Search code examples
prestoapache-superset

Presto subqueries: Key not present in map


I have been banging my head a while to Superset -> Presto (PrestoSQL) -> Prometheus combination (as Superset does not yet support Prometheus) and got stymied with an issue when trying to extract columns from Presto's map type column containing Prometheus labels.

In order to get necessary labels mapped as columns from Superset's point of view, I create extra table (or I guess a view in this case) in Superset on top of existing table which had following SQL for creating the necessary columns:

SELECT labels['system_name'] AS "system",labels['instance'] AS "instance","timestamp" AS "timestamp","value" AS "value" FROM "up"

This table is then used as a data source in Superset's chart which treats it as a subquery. The resulting SQL query created by Superset and then sent to Presto looks e.g. like this:

SELECT "system" AS "system",
       "instance" AS "instance",
       "timestamp" AS "timestamp",
       "value" AS "value"
FROM
  (SELECT labels['system_name'] AS "system",
          labels['instance'] AS "instance",
          "timestamp" AS "timestamp",
          "value" AS "value"
   FROM "up") AS "expr_qry"
WHERE "timestamp" >= from_iso8601_timestamp('2020-10-19T12:00:00.000000')
  AND "timestamp" < from_iso8601_timestamp('2020-10-19T13:00:00.000000')
ORDER BY "timestamp" ASC
LIMIT 250;

However, what I get out from above is an error:

io.prestosql.spi.PrestoException: Key not present in map: system_name
    at io.prestosql.operator.scalar.MapSubscriptOperator$MissingKeyExceptionFactory.create(MapSubscriptOperator.java:173)
    at io.prestosql.operator.scalar.MapSubscriptOperator.subscript(MapSubscriptOperator.java:143)
    at io.prestosql.$gen.CursorProcessor_20201019_165636_32.filter(Unknown Source)

After reading a bit about queries from Presto's user guide, I tried a modified query from command line by using WITH:

WITH x AS (SELECT labels['system_name'] AS "system",labels['instance'] AS "instance","timestamp" AS "timestamp","value" AS "value" FROM "up")
SELECT system, timestamp, value FROM x
WHERE "timestamp" >= from_iso8601_timestamp('2020-10-19T12:00:00.000000')
  AND "timestamp" < from_iso8601_timestamp('2020-10-19T13:00:00.000000')
LIMIT 250;

And that went throught without any issues. But it seems that I have no way to define how Superset executes its queries, so I'm stuck with the first option. The question is, is there anything wrong with it which could be fixed?

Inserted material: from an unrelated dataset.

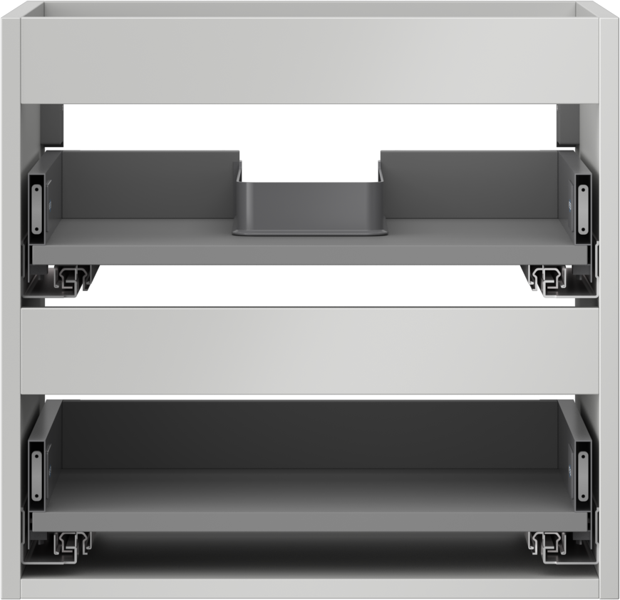 The cutout in the drawer is designed in such a way as to accommodate the siphon, which is essential in sink installations. This allows the furniture to be fully functional without having to give up drawer space for the installation.

I guess that one option (if everything else fails) would be defining extra tables in Presto side which would do the same trick for mapping the columns, thus hopefully avoiding above issue.


Solution

  • The map subscript operator in Presto requires that the key be present in the map. Otherwise, you get the failure you described.

    If some keys can be missing, you can use the element_at function instead, which will return a NULL result:

    Returns value for given key, or NULL if the key is not contained in the map.